**EXERCISE DESCRIPTION**
Output, exactly and in full, only the lines from the one containing "Rustikales und einfaches" to the last line of the data. Pictures should not appear.

**SUPPLIED ENTRIES**
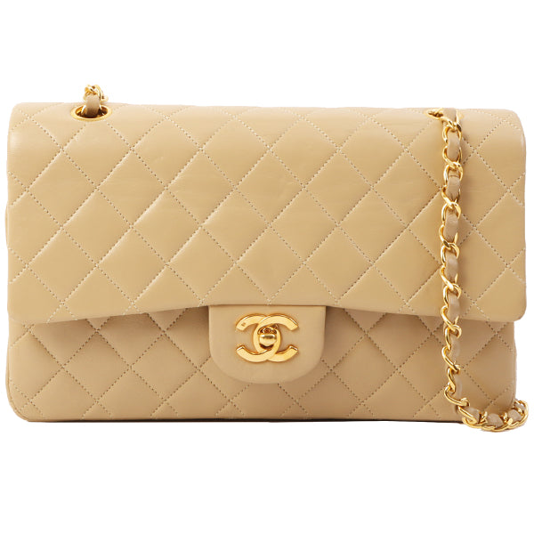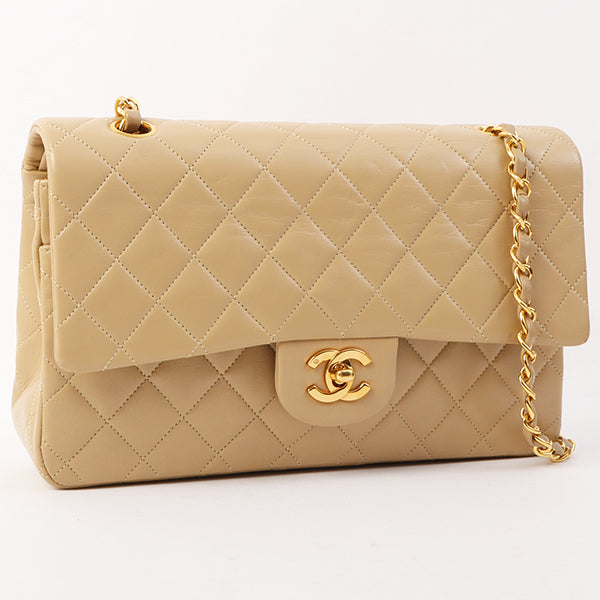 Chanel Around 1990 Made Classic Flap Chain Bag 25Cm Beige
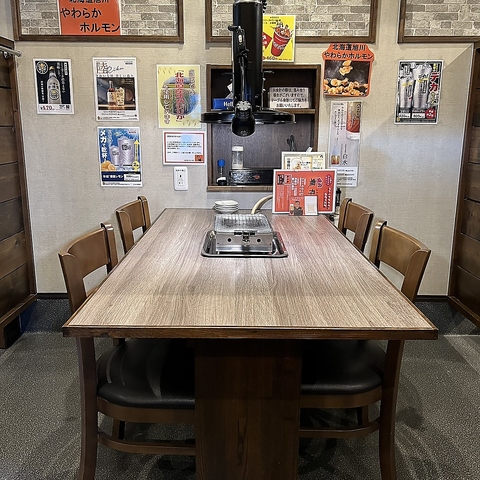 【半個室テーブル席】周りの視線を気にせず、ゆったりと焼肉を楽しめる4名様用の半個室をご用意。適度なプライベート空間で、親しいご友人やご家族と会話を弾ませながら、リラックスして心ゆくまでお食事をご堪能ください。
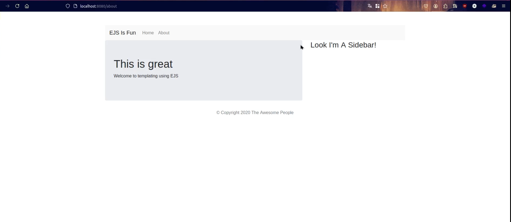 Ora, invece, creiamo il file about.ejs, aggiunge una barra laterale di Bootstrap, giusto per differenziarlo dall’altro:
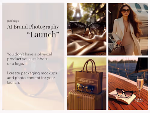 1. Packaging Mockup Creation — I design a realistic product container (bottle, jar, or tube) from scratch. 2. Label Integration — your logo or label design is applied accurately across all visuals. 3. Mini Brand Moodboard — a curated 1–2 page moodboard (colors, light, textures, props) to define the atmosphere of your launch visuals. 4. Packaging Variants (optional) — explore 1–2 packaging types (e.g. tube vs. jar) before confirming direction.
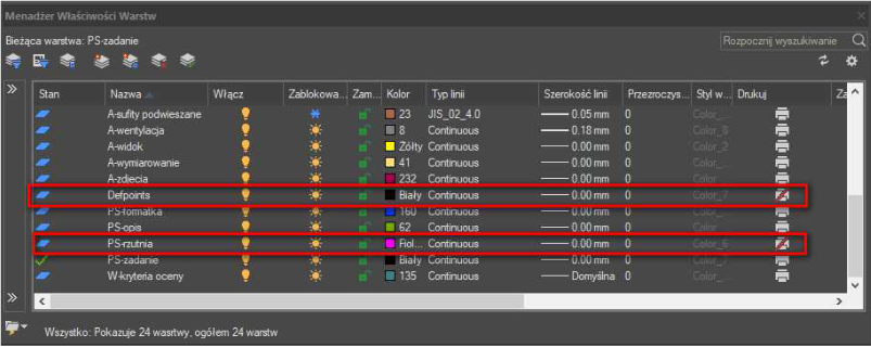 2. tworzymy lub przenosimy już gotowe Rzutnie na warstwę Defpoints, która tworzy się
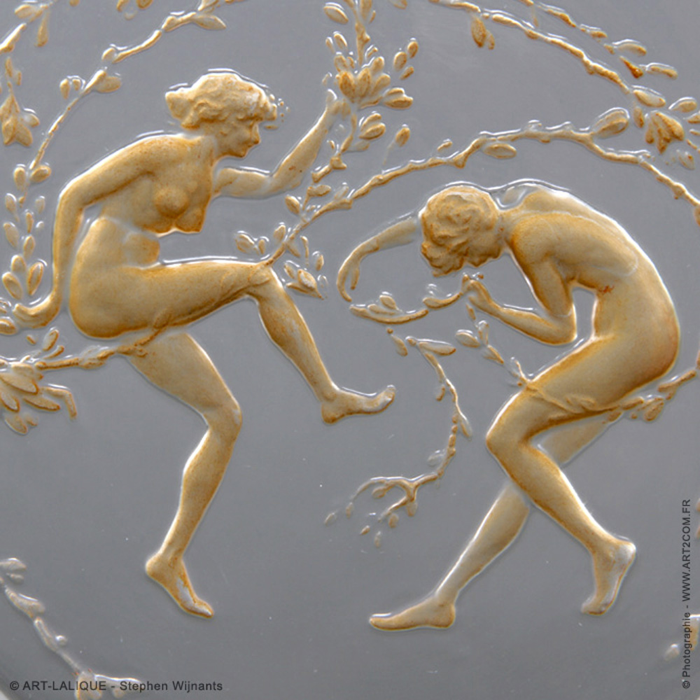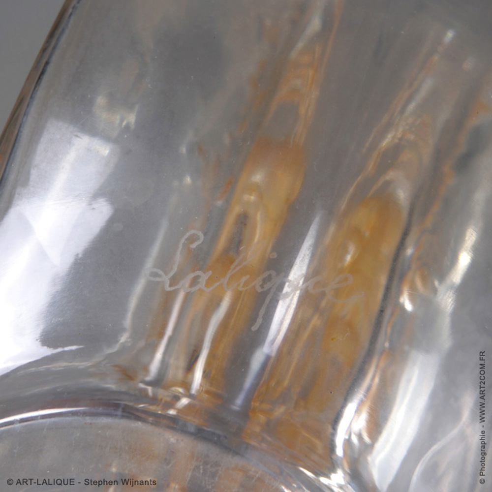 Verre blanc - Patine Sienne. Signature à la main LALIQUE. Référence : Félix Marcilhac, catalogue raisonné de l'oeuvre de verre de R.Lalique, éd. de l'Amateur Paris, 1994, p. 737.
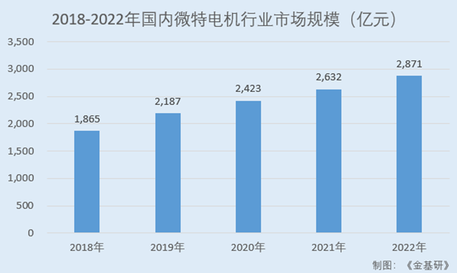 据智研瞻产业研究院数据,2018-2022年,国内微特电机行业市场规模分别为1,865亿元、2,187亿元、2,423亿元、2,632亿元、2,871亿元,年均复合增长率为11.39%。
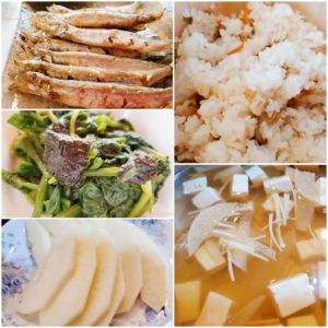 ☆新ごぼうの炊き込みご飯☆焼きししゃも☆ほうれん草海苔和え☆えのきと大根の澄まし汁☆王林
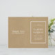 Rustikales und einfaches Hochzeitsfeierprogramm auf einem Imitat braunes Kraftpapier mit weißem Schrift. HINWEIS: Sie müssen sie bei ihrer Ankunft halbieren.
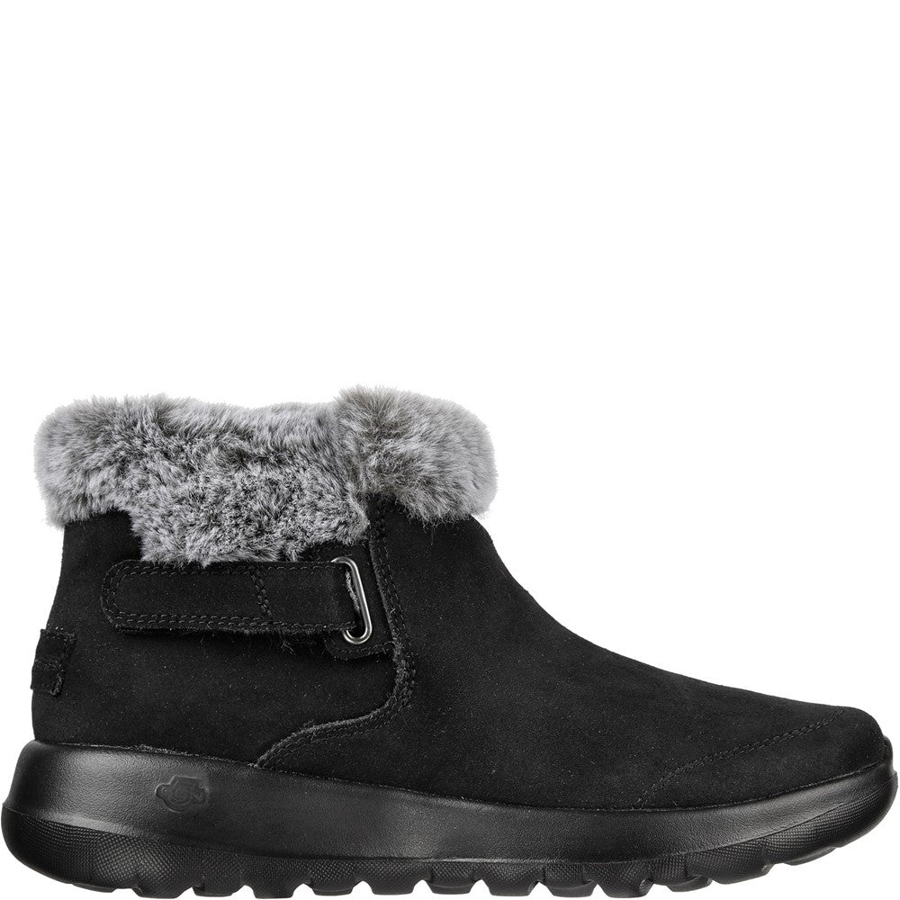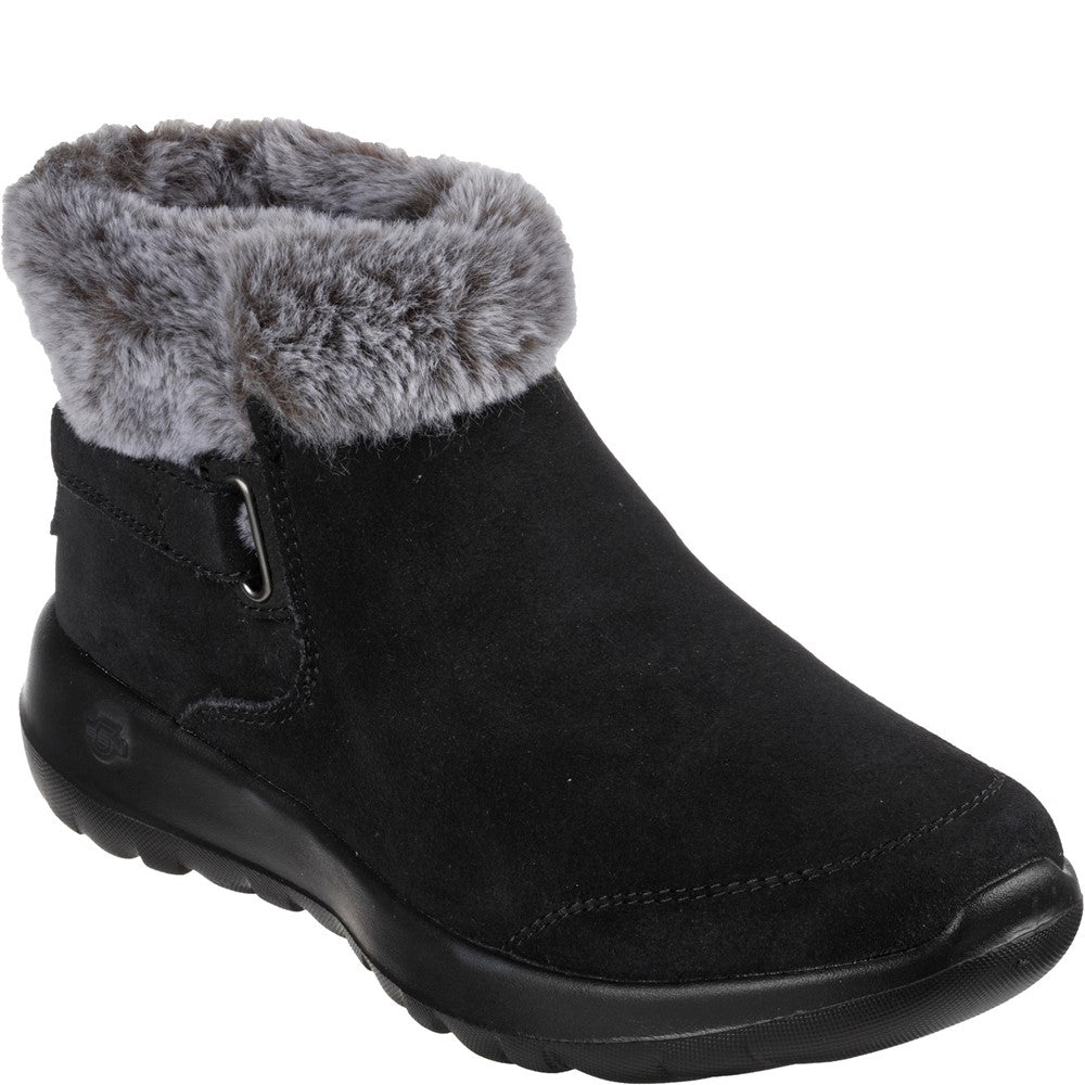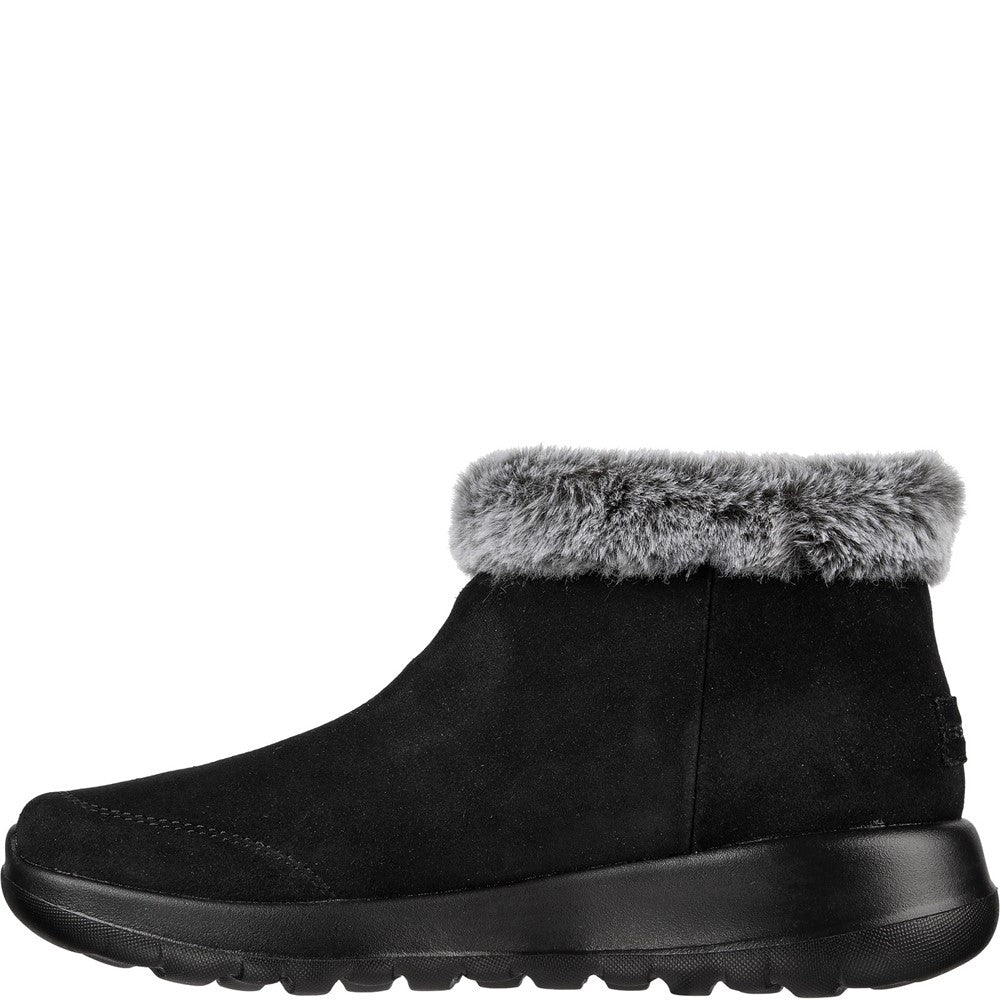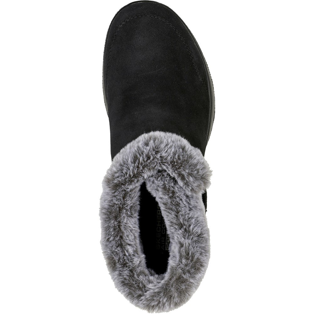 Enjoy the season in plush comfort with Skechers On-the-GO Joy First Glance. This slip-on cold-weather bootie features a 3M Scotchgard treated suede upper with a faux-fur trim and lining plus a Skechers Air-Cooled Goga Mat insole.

**SOLUTION FOR THIS EXERCISE**
 Rustikales und einfaches Hochzeitsfeierprogramm auf einem Imitat braunes Kraftpapier mit weißem Schrift. HINWEIS: Sie müssen sie bei ihrer Ankunft halbieren.
 Enjoy the season in plush comfort with Skechers On-the-GO Joy First Glance. This slip-on cold-weather bootie features a 3M Scotchgard treated suede upper with a faux-fur trim and lining plus a Skechers Air-Cooled Goga Mat insole.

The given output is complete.